LARGE compressors in modern process plants demand drive powers in the region of 10-150 MW.
Traditionally, they have been driven by gas turbines. The "all electric" concept seeks to eliminate the gas turbine and use variable-speed electric-motor drives.
The main benefit would be the added-productivity of the plant, from an average of around 340 days due to unscheduled and scheduled outages of typical gas turbine drive systems, to a theoretical 365 days every year.
Advanced electric motors and modern compressors in the clean-gas service theoretically do not need the routine maintenance (would require only a shutdown for periods of 5 to 8 years).
Accounting for unscheduled outages of the compression units of 3 to 5 days per year, the compressor train still yields a minimum of 17 to 20 added production days, with associated huge revenue gains.
It is very important considering modern, large process plant production value of around 0.5-1.5 million dollars per day.
Other benefits associated with electric motor driven compressors are derived from the better controllability of variable speed drives, and the unlimited number of (soft) starts.
Electric motors are around 50 to 70 percent of the initial cost compared to modern gas turbines with the same ratings. Two-pole brushless synchronous motors in power ratings up to and beyond 100 MW have not been built in the past due to lack of demand, and thus a little incentive for the manufacturers to build them.
From the manufacturer's prospective there is no reason not to build large two-pole synchronous electric motors.
Their design, materials, manufacturing methods, and analyses (electrical, mechanical and thermal studies) are identical to those of two-pole synchronous generators which used in many power plants around the world in ratings up to 400 MW (and above).
Higher speed applications, variable speed requirements and new component designs for large electric motor applications may impose some changes.

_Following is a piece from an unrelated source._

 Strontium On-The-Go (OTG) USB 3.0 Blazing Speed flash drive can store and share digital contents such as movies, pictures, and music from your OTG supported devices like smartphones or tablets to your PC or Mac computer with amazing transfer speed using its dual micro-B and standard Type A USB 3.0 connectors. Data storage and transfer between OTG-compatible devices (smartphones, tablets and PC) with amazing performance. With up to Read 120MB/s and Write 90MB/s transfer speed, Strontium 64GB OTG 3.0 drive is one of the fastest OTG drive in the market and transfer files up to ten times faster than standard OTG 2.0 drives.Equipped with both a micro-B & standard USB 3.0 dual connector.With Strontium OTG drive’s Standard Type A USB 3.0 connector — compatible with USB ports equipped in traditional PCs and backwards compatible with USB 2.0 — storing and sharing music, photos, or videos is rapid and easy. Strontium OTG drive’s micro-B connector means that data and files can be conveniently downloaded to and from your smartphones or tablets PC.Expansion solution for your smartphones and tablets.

Sometimes, the qualification process for critical components is crucial and correspondingly extensive.
The detailed mechanical/electrical design reviews, the rotordynamics analysis, the torsional review, the control issues, the RAM (reliability, availability and maintainability) studies, and comprehensive network stability studies should be performed to satisfy both the operating company and the manufacturer.
Independent design reviews can provide the necessary neutral assessment of the up-scaled electric motor technology.

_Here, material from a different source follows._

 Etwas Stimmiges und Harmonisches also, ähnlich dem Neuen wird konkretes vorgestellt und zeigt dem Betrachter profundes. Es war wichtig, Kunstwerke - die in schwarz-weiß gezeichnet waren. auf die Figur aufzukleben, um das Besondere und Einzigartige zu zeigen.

The design of the associated variable frequency drives (VFD) of the load commutated inverter (LCI) type, on the other hand, amounts to a downsizing exercise from existing high voltage DC (HVDC) technology and is less crucial.
Induction vs. synchronous
The usual technology for electric motor driver uses an LCI (Load Commutated Inverter) converter associated with a synchronous two-pole electric motor. However, the VSI (Voltage Source Inverter) technology and the induction motors are becoming popular option.
In this section, two technical solutions, the LCI (synchronous motor) technology and the VSI (induction motor) technology for the electric motor driver are compared.
Advantages and disadvantages of each option are described (the footprint, the torque pulsations on train shaft, harmonics, initial price, and others). In addition lessons learned from design, fabrication, installation, operation and maintenance of both solutions are presented.
Because of the reactive power consumption of its thyristor bridge, an LCI system cannot naturally power an induction motor. If this is the case, the forced commutation circuits would have to be added, resulting in a very complex, costly and less reliable solution.
The VSI stands for "Voltage Source Inverter" using a capacitive DC link with self-commutation semiconductors. It can supply a lagging and leading power factor load.
A VSI can power both the induction motors and the synchronous motors. At present, the VSI systems are available with different topologies (2, 3, 4, 5, etc levels) and different electronic power components (GCT, IGBT, and others).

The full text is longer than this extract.